TASK OBJECTIVE: Below are the records; give again exactly the lines from the one containing "Barrera lateral desplazable" through the one containing "Clarissa Bonet, Caught", leaving out pictures.

==== INPUT DATA

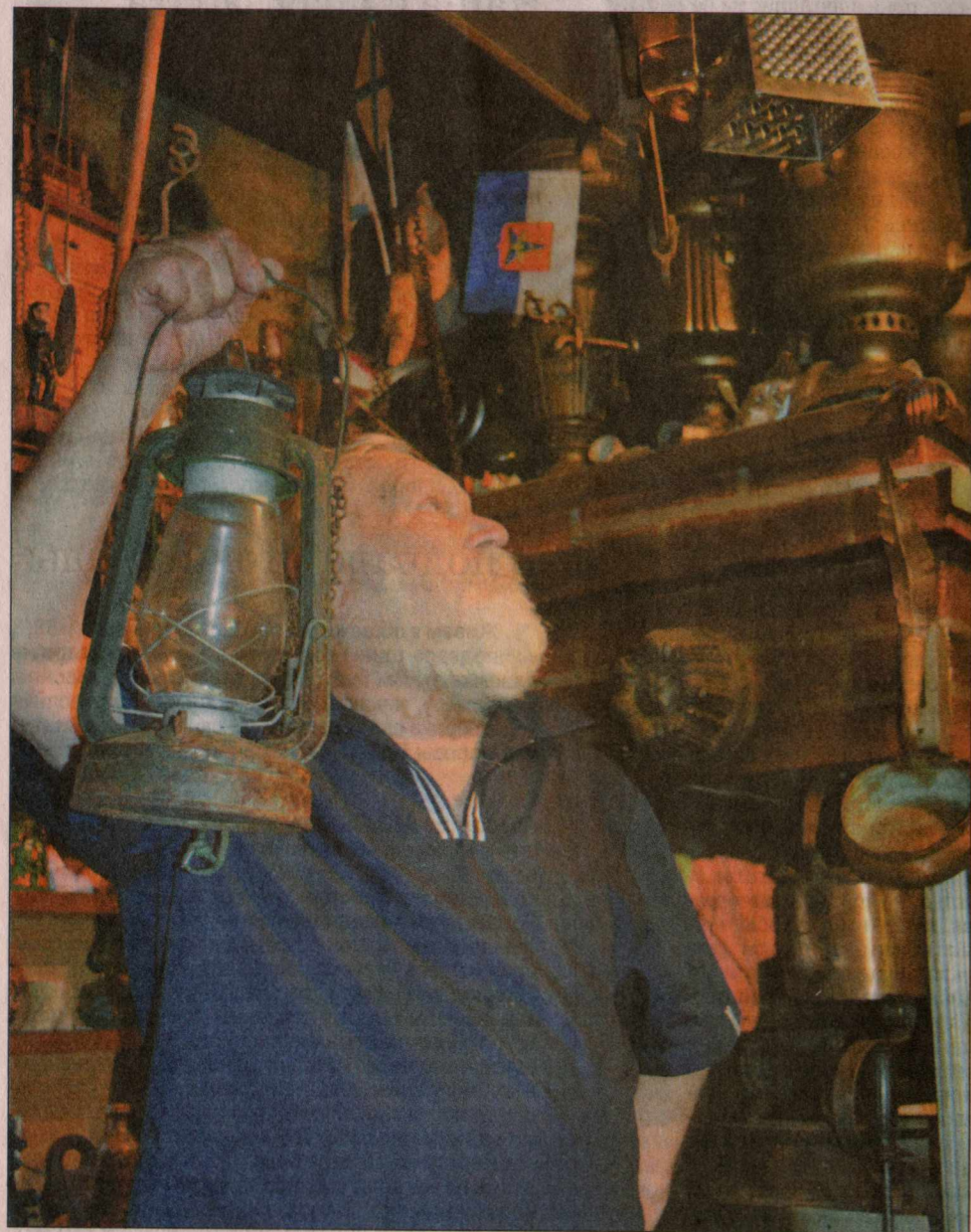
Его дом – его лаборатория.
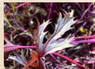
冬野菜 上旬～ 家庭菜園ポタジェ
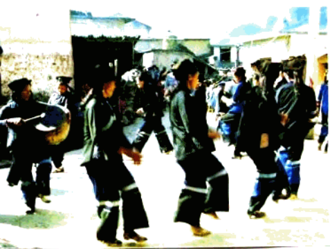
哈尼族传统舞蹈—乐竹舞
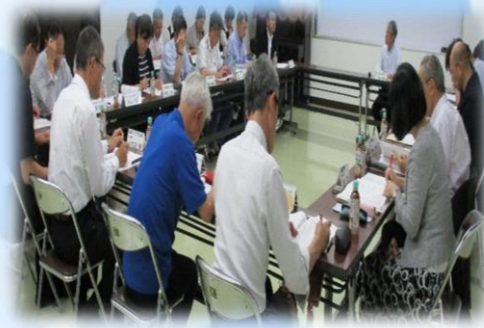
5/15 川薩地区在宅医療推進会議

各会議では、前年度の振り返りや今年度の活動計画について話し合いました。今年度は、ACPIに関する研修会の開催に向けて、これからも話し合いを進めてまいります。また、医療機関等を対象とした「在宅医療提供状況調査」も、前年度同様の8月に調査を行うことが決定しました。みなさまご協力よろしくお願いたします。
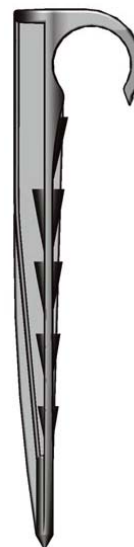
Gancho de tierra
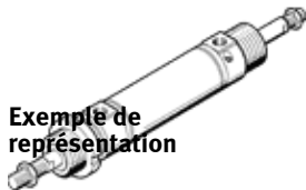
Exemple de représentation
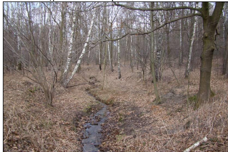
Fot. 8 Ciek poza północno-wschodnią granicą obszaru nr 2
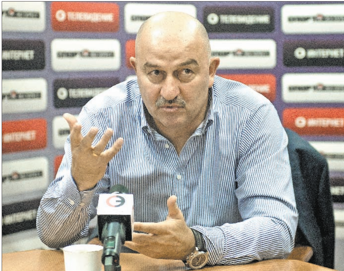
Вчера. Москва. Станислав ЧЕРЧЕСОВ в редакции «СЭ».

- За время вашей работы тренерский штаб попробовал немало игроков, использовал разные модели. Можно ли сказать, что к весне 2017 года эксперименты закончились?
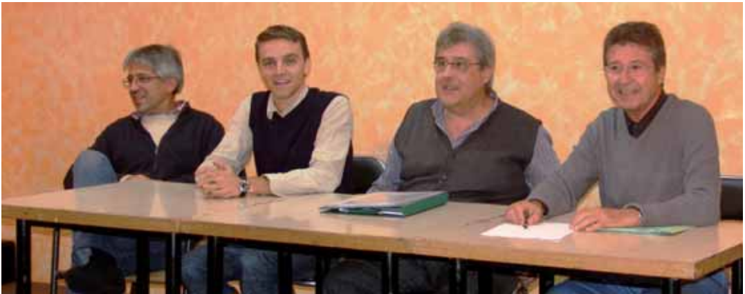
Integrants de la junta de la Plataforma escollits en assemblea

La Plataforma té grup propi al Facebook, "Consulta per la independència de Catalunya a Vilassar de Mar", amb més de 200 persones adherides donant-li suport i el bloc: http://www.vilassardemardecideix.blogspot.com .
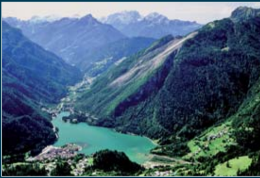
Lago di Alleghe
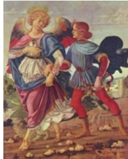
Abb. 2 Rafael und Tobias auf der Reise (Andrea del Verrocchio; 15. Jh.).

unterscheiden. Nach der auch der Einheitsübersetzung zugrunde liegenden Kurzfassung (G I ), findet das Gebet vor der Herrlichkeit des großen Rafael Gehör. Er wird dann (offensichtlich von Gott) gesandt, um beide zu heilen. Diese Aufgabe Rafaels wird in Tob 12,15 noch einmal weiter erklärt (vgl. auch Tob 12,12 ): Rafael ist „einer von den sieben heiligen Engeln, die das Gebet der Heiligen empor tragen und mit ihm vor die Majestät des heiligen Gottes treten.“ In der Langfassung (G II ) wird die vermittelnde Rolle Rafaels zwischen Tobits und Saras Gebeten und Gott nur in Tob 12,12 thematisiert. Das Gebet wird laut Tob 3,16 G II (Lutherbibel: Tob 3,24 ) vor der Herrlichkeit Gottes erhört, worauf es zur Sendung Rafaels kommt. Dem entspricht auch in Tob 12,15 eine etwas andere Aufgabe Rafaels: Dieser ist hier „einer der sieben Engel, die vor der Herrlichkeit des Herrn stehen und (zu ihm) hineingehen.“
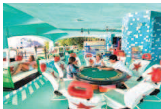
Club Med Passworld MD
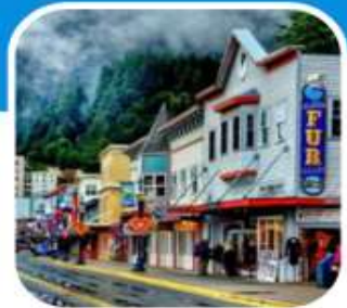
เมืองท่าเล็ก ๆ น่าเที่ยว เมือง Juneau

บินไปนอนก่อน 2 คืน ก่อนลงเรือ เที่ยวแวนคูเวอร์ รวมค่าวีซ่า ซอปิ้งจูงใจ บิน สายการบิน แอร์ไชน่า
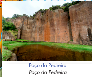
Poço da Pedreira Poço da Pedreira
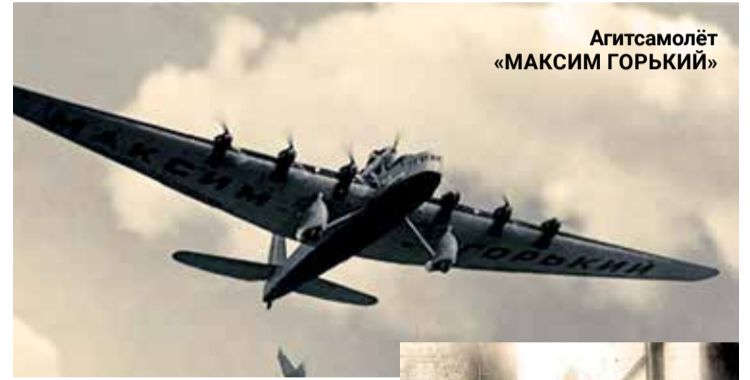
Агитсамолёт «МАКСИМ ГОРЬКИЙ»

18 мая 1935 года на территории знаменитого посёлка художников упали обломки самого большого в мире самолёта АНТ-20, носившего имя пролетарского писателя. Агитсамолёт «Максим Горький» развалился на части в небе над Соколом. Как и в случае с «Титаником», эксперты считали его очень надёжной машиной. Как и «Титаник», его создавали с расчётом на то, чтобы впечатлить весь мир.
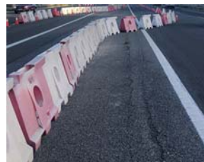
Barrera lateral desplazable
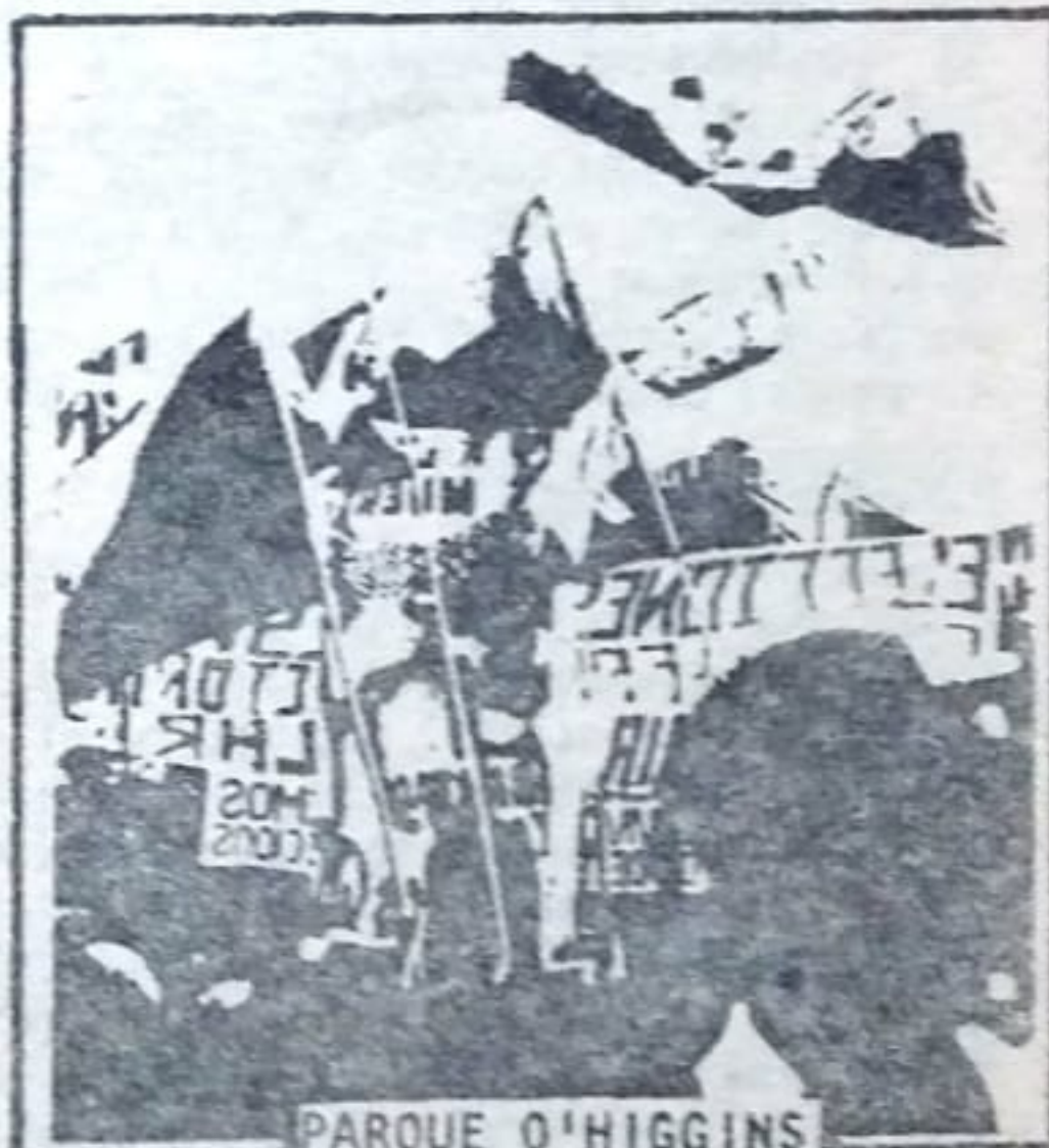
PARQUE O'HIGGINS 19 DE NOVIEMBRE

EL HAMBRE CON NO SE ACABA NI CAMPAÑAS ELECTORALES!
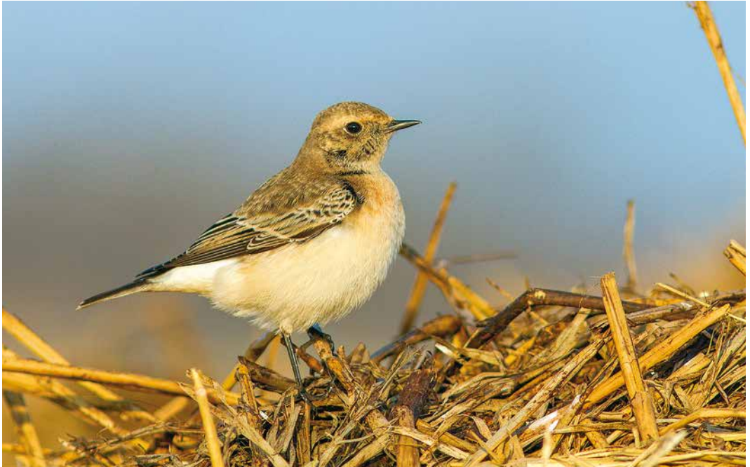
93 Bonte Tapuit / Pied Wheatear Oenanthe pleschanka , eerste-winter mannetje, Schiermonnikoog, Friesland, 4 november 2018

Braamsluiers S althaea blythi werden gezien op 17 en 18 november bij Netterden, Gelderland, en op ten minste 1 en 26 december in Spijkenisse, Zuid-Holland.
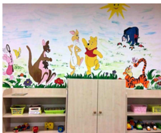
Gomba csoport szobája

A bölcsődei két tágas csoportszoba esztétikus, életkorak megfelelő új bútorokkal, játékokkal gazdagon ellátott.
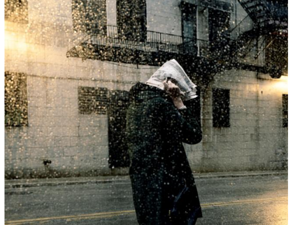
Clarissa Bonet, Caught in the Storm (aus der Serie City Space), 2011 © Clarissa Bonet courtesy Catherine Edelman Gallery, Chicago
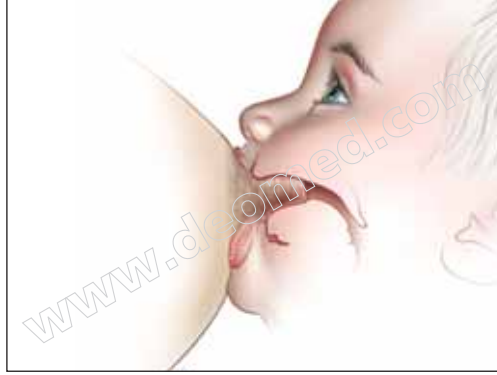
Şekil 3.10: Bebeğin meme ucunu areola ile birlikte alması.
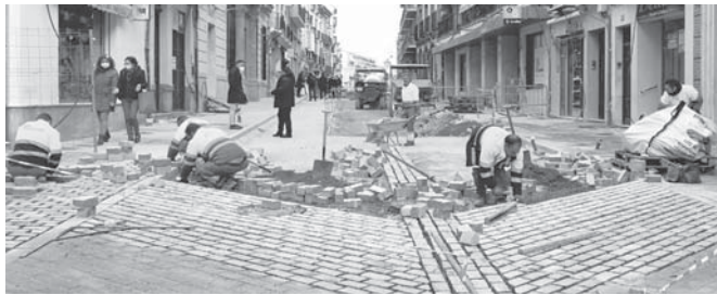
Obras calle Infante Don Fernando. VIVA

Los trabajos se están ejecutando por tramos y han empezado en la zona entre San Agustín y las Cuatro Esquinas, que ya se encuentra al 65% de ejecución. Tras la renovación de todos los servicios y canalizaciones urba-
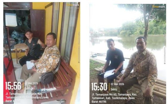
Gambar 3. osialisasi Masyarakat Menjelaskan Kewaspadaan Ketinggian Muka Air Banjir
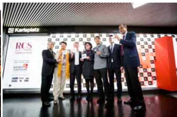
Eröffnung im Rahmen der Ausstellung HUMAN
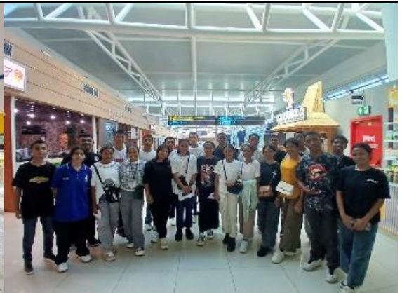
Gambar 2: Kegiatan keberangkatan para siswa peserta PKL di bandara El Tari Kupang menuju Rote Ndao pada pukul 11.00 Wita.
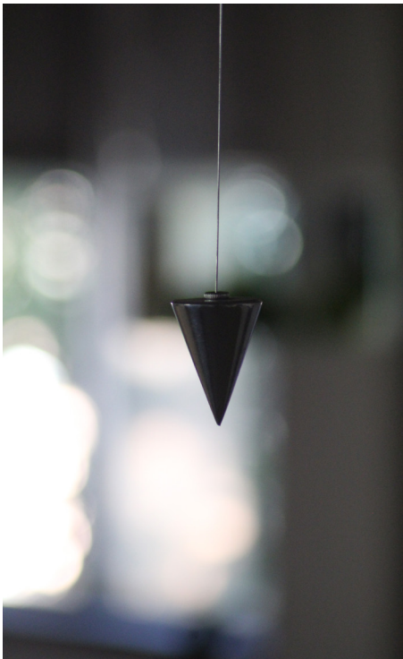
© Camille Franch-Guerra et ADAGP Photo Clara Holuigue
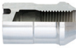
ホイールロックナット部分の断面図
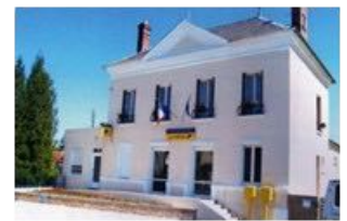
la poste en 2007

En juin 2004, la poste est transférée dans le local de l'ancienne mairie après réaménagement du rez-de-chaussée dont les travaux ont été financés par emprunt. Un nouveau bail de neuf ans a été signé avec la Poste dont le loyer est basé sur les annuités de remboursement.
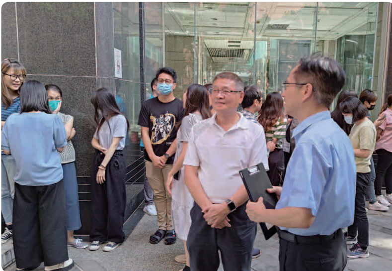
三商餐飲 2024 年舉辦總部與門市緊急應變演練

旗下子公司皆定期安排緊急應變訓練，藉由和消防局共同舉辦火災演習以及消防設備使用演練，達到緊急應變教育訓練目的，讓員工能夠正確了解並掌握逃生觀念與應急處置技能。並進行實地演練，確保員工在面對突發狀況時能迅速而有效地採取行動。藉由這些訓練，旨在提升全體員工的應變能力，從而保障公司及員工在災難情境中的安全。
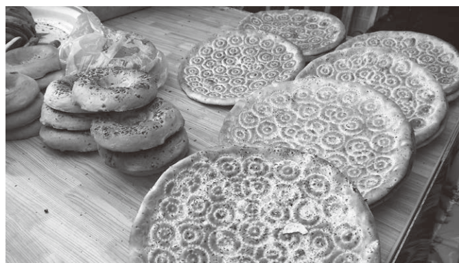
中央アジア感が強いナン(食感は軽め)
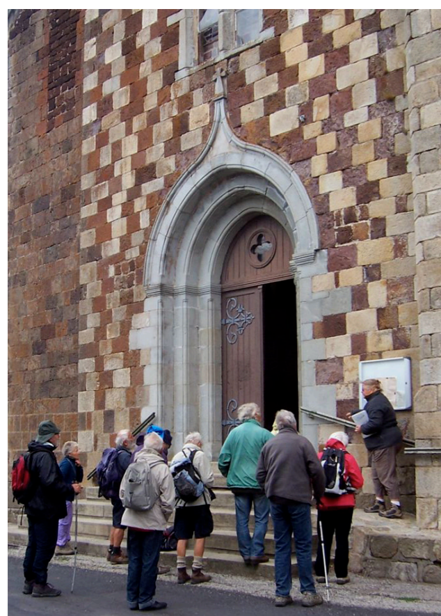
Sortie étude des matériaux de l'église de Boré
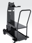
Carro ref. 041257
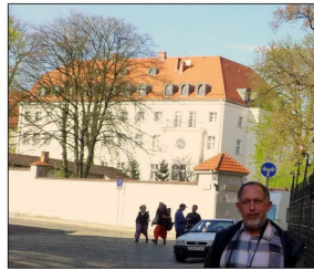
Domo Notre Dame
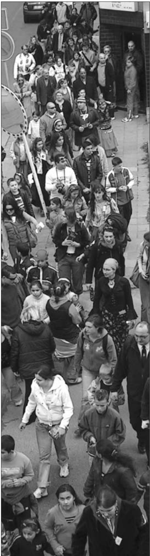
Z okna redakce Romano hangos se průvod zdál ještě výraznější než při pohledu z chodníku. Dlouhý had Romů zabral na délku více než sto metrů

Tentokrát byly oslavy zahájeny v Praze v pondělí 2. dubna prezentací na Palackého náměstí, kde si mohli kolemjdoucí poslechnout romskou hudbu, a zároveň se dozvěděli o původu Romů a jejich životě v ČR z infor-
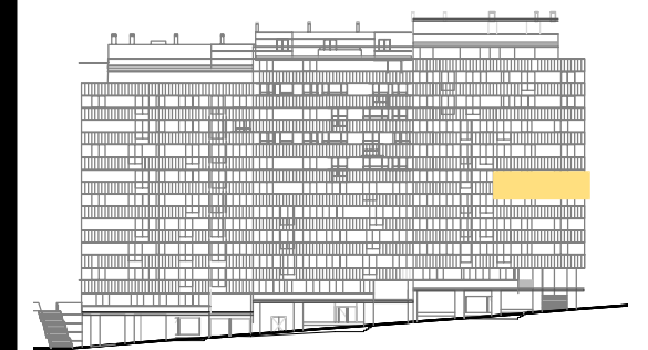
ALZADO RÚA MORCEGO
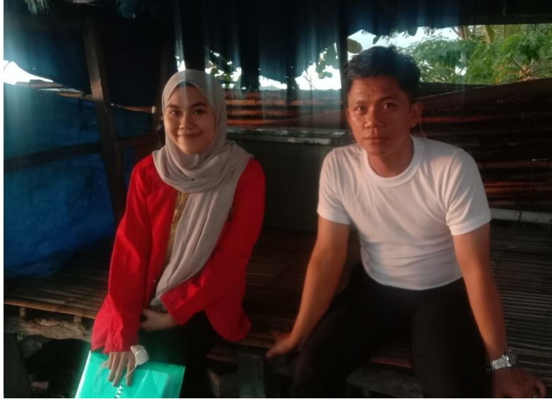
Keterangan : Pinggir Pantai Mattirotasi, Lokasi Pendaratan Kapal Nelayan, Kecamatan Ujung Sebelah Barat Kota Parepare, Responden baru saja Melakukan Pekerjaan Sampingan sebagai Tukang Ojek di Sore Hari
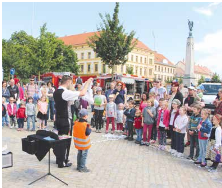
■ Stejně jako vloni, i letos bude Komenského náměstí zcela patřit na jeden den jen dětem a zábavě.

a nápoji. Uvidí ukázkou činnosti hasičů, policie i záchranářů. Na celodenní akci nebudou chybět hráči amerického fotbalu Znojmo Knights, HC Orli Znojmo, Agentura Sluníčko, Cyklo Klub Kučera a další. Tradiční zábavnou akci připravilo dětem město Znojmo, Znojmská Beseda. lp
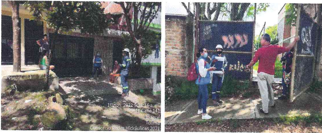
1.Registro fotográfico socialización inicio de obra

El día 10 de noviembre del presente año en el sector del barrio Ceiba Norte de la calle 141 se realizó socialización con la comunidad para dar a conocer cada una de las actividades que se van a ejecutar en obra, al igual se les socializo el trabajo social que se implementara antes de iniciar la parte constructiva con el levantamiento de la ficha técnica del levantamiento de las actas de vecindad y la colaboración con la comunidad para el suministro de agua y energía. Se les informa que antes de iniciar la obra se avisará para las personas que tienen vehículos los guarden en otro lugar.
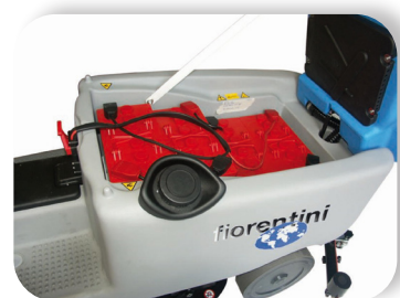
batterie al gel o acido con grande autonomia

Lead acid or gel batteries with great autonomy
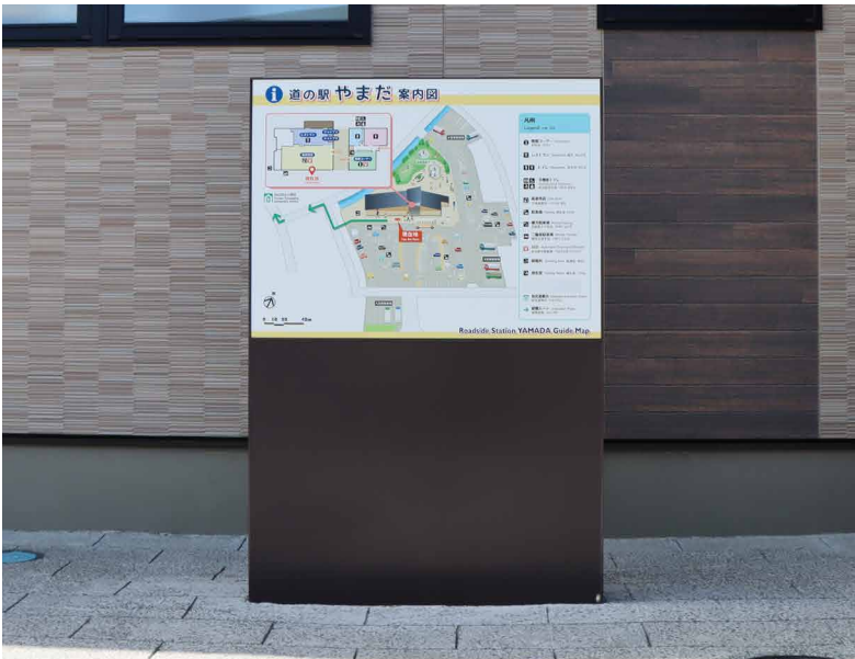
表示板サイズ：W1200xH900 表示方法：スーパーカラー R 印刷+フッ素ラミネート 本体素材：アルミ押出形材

========

SOLUTION FOR THIS EXERCISE:
Barrera lateral desplazable
PARQUE O'HIGGINS 19 DE NOVIEMBRE

EL HAMBRE CON NO SE ACABA NI CAMPAÑAS ELECTORALES!
93 Bonte Tapuit / Pied Wheatear Oenanthe pleschanka , eerste-winter mannetje, Schiermonnikoog, Friesland, 4 november 2018

Braamsluiers S althaea blythi werden gezien op 17 en 18 november bij Netterden, Gelderland, en op ten minste 1 en 26 december in Spijkenisse, Zuid-Holland.
Gomba csoport szobája

A bölcsődei két tágas csoportszoba esztétikus, életkorak megfelelő új bútorokkal, játékokkal gazdagon ellátott.
Clarissa Bonet, Caught in the Storm (aus der Serie City Space), 2011 © Clarissa Bonet courtesy Catherine Edelman Gallery, Chicago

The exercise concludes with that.